Kepala Humas BPJS Kesehatan Nopi Hidayat kemarin kembali menegaskan, berlakunya tiga perdiyan tidak berarti penja- minan akan pelayanan kesehatan katarak, fisioterapi, dan bayi baru lahir sehat diberhentikan atau dicabut. ”Peraturan itu terbit dimaksudkan untuk mengoptimalkan mutu pelayanan dan efektivitas penjaminan kesehatan,” katanya.
Terkait peraturan yang mengatur rehabilitasi medik atau fisioterapi, jelas Nopi, layanan tersebut tetap dijamin dengan kriteria frekuensi maksimal yang ditetapkan. Di Jawa Timur, 25 RS telah menghentikan layanan fisioterapi bagi pasien BPJS.
”Kami bukan menolak melayani pasien. Tetapi, di dalam lampiran aturan BPJS tersebut, tindakan fisioterapi yang tercantum tidak sesuai dengan standar layanan fisioterapi,” ujar Ketua Pengurus Daerah IFI Jatim Fransisca Xaveria Hargiani.

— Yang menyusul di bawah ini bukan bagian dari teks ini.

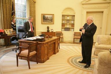 View Original:President_Bush_and_Vice_President_Cheney_in_the_Oval_Office.jpg (4992x3328)

Hal itu, kata dia, dapat berakibat pada tidak adanya perlindungan hukum bagi fisioterapis yang memberikan layanan.
RSUD dr Soedomo Trenggalek salah satu yang ikut menghentikan layanan fisioterapi bagi pasien BPJS. Penyebabnya, RS itu tidak memiliki dokter spesialis rehab medik. Sebelumnya mereka tetap melayani fisioterapi meski aturan baru sudah berlaku karena menganggap masih masa transisi hingga 21 Desember.
”Setelah berkoordinasi lebih lanjut, ternyata jika tidak memiliki tenaga spesialis rehab medik, layanan tersebut tidak bisa diklaimkan ke BPJS,” ungkap dr Saeroni, direktur RSUD dr Soedomo, kepada Jawa Pos Radar Tulungagung kemarin.
Menurut Saeroni, di RSUD Trenggalek, setiap hari rata-rata ada 20 pasien BPJS yang membutuhkan fisioterapi. Mereka terpaksa disarankan membayar sendiri. Biayanya Rp 45 ribu sekali fisioterapi. ”Kalau yang SKTM atau umum masih bisa dilayani,” ujar dia.
Gugat Presiden Sementara itu, pasangan Edy Haryadi dan Yuni Tanjung alias Yuniarti kemarin mendaftarkan gugatan ke Pengadilan Negeri Jakarta Selatan (PN Jaksel). Yuniarti merupakan penyandang kanker payudara. Pendaftaran gugatan itu terkait dengan penghapusan obat kanker Trastuzumab oleh BPJS Kesehatan. ”Pendaftaran gugatan ditujukan ke presiden, menteri kesehatan, direktur utama BPJS (Kesehatan), dan dewan pertimbangan klinis,” kata Edy kemarin.
Sebelumnya mereka melakukan somasi pekan lalu. Namun, tak ada tanggapan dari BPJS Kesehatan. Obat kanker Trastuzumab tidak lagi bisa diklaimkan BPJS Kesehatan sejak 1 April lalu. ”Trastuzumab itu sangat penting untuk memperpanjang kehidupan penderita kanker payudara HER2 positif,” ungkapnya.
Gugatan Yuniarti terdaftar di PN Jaksel dengan nomor perkara 552/ Pdt.G/2018/PN Jkt Selatan tertanggal 27 Juli 2018. Cara itu dilakukan lantaran seluruh upaya yang ditempuh menemui jalan buntu.